DUI checkpoints save more than just lives


A great way to reach your target population is to team up with your next DUI checkpoint to provide drivers with campaign info as they are waiting in traffic! The BTW postcard or bumper sticker would be a great piece to give them!

After DUI checkpoints, letters to the editor often show up complaining about the inconvenience or constitutionality of the checkpoints. Here is a letter that you can use to defend checkpoints and encourage more in your community. Feel free to edit it to meet your needs.

DUI checkpoints save more than just lives

Editor,

In response to recent letters to the editor that have complained about local efforts to conduct DUI checkpoints, let me offer the following facts:

The National Highway Traffic Safety Administration reports that for one of every 110 miles driven in Florida in 2000, a person with a blood alcohol concentration greater than the legal limit sat behind the wheel. An estimated total of 135,300 crashes in Florida involved alcohol, which killed 1,191 and injured an estimated 49,100 individuals. If the value of human life does not move your readers, lets talk dollars and cents. NTSA reports that the average alcohol-related fatality in Florida costs $3.4 million and the estimated cost per injured survivor of an alcohol-related crash is $99,000. NTSA also reports that alcohol-related crashes accounted for an estimated 17% of Florida’s auto insurance payments and that reducing alcohol-related crashes by 10% would save $180 million in claims payment and loss adjustment expenses.

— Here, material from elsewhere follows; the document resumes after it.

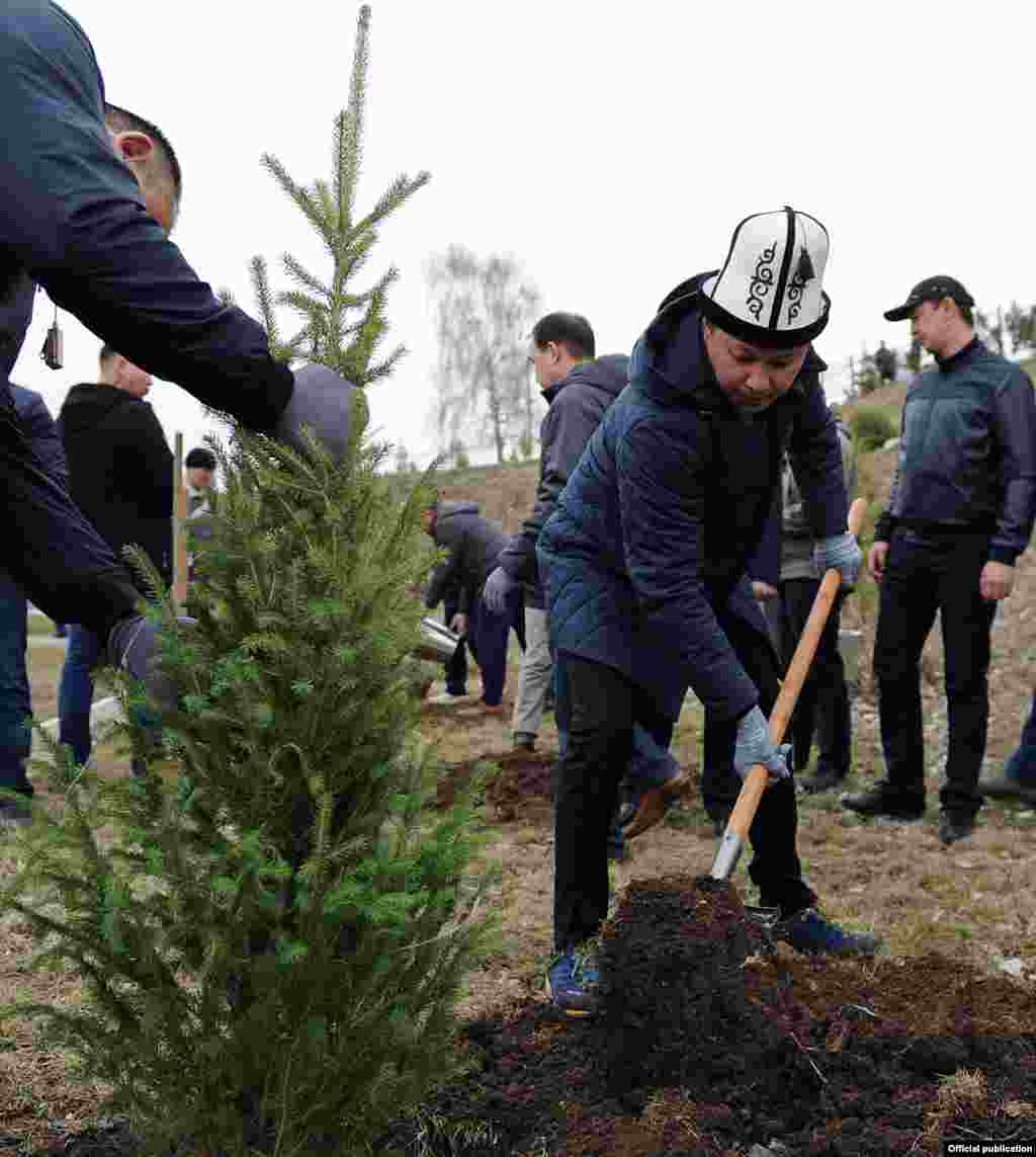 Президент Сооронбай Жээнбеков жана Бишкек шаарынын мэри Албек Ибраимов бүгүн Чыңгыз Айтматов атындагы Эмен багында ишембиликке чыгышты. Бул тууралуу президенттик аппараттын маалыматттык-саясат бөлүмү билдирди. Ал эми өкмөт башчы Ботаникалык бакты тазалоого катышып, көчөт тикти. (Сүрөттөр президенттин жана өкмөттүн басма сөз кызматтарыныкы)

The chosen times and days for DUI checkpoints are not arbitrary. The National Center for Statistics and Analysis reports that the rate of alcohol involvement in fatal crashes is more than three times as high at night as during the day, 61% compared to 18%. For fatal crashes from midnight to 3:00 AM, 77% involved alcohol. The next most dangerous period for alcohol-related crash deaths are 9 PM to midnight, with 64% of all fatal crashes involving alcohol, followed by 3 AM to 6 AM with 50% of fatal crashes involving alcohol. In total, it is reported that between 1 AM and 6 AM, an average of one in every seven drivers is legally drunk. In 2003, 30% of all fatal crashes during the week were alcohol related, compared to the 53% on weekends.

Discussions of the constitutional legality and driver inconvenience are arbitrary when weighed with the importance of human life. I would rather suffer the inconvenience of a DUI checkpoint or other enforcement activities that curb drunk driving than lose a loved one to a drunk driver.